Para meu espanto, porém, ao realismo de Quine nunca foi dado o devido valor, o devido peso. Pior do que isso: com freqüência lhe foi negado até mesmo o estatuto de coerência. De onde amotivação para construir a tese em torno do aparente paradoxo, a saber, da alegada incompatibilidade entre as teses da relatividade ontológica e da subdeterminação, de um lado, e o realismo, de outro.

Ora, tivessem os demais leitores de Quine a mesma compreensão que Severo, a aparente incompatibilidade entre relatividade ontológica e realismo seria rapidamente resolvida e minha defesa do realismo quineano — se ainda necessária — teria certamente seguido outra estratégia.

* * *

Entretanto, não é apenas no campo ‘retórico’ que está a importância das noções de subdeterminação e relatividade ontológica.

Com efeito, elas são fundamentais também conceitualmente no sentido de que sua discussão e entendimento apropriados são cruciais para uma correta compreensão do que está em jogo no realismo quineano e, por extensão, cruciais para a formação de uma visão filosófica de mundo mais abrangente e profícua.

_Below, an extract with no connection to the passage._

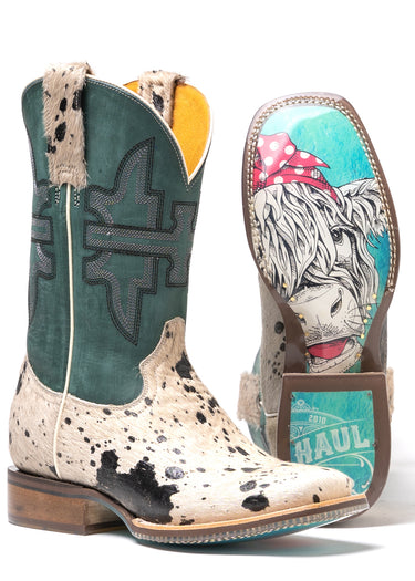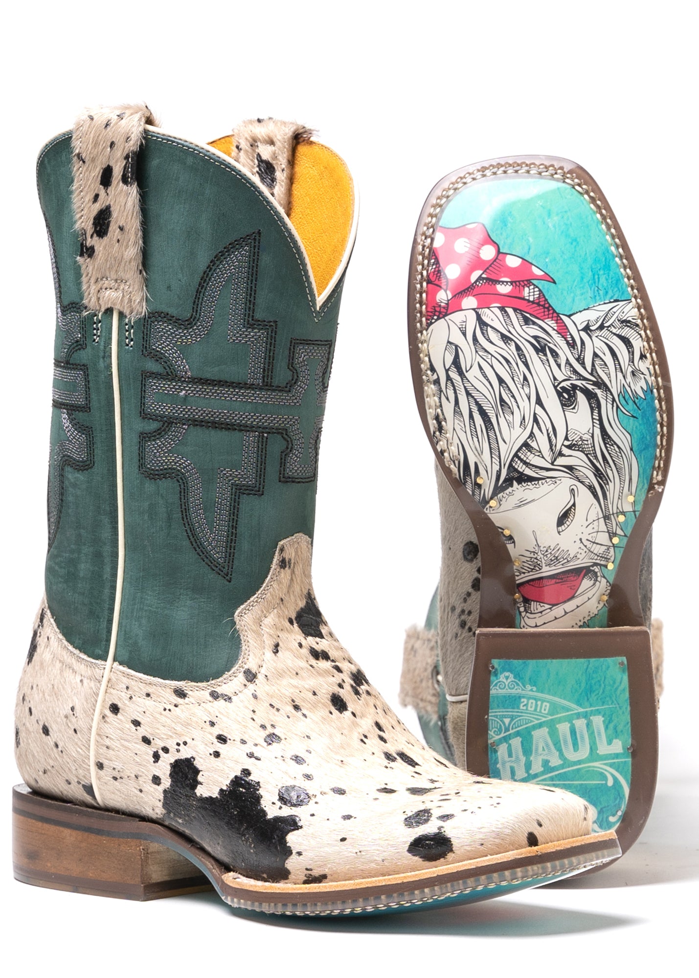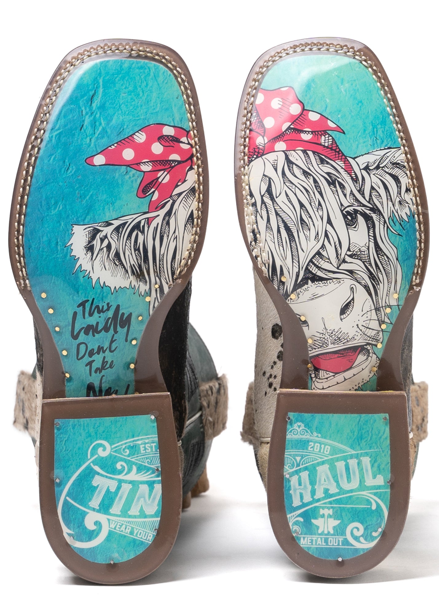 Cowgirl chic, the handcrafted Tin Haul Ladies’ Shaggy Spot, Priceless Sole Boot pairs a hair-on hide vamp with an oily turquoise shaft that has hair-on pulls and stitching. Square toe, leather lining and Cushion Comfort Non-Removable Insole combine to provide comfortable wearing. Transparent Sole features a cow graphic.
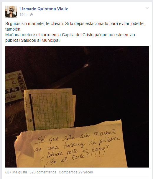 Lizmarie Quintana posteo en su Facebook su mensaje para el policía,.

Naturalmente, não estamos tomando aqui a noção de ‘fundamental’ num sentido lógico, axiomático, em que fundamental é aquela tese da qual outras dependem (e que, por sua vez, não depende de nenhuma outra). Realmente, se entendermos a noção de ‘fundamental’ nesse sentido mais estrito, como Severo parece fazê-lo, não há como discordar dele, isto é, que fundamentais mesmo são as teses do holismo e do naturalismo.

Mas, se tomarmos a noção de ‘fundamental’ num sentido filosófico mais amplo, como defendido mais acima, creio inteiramente justificado seu papel de destaque na nossa exposição. De fato — e comprovamo-lo na própria acusação de incoerência que sofre Quine —, da incompreensão ou nebulosidade que cerca essas teses segue-se toda uma sorte de mal-entendidos que impede, ou em todo caso atrapalha, que se possa vislumbrar todo o alcance d(e um)a proposta filosófica (como a) quineana. Desfazer essas ambigüidades ou mal-entendidos, portanto, parece fundamental para uma melhor compreensão de sua filosofia.

De outro lado, Severo chama a atenção para o fato de que, embora Quine tenha diversas vezes rejeitado essa acusação de incoerência (em relação à incompatibilidade entre realismo e relatividade ontológica), ele “jamais discutiu extensamente o tema, [não havendo] nenhum livro ou artigo de Quine cujo tema principal seja o realismo”.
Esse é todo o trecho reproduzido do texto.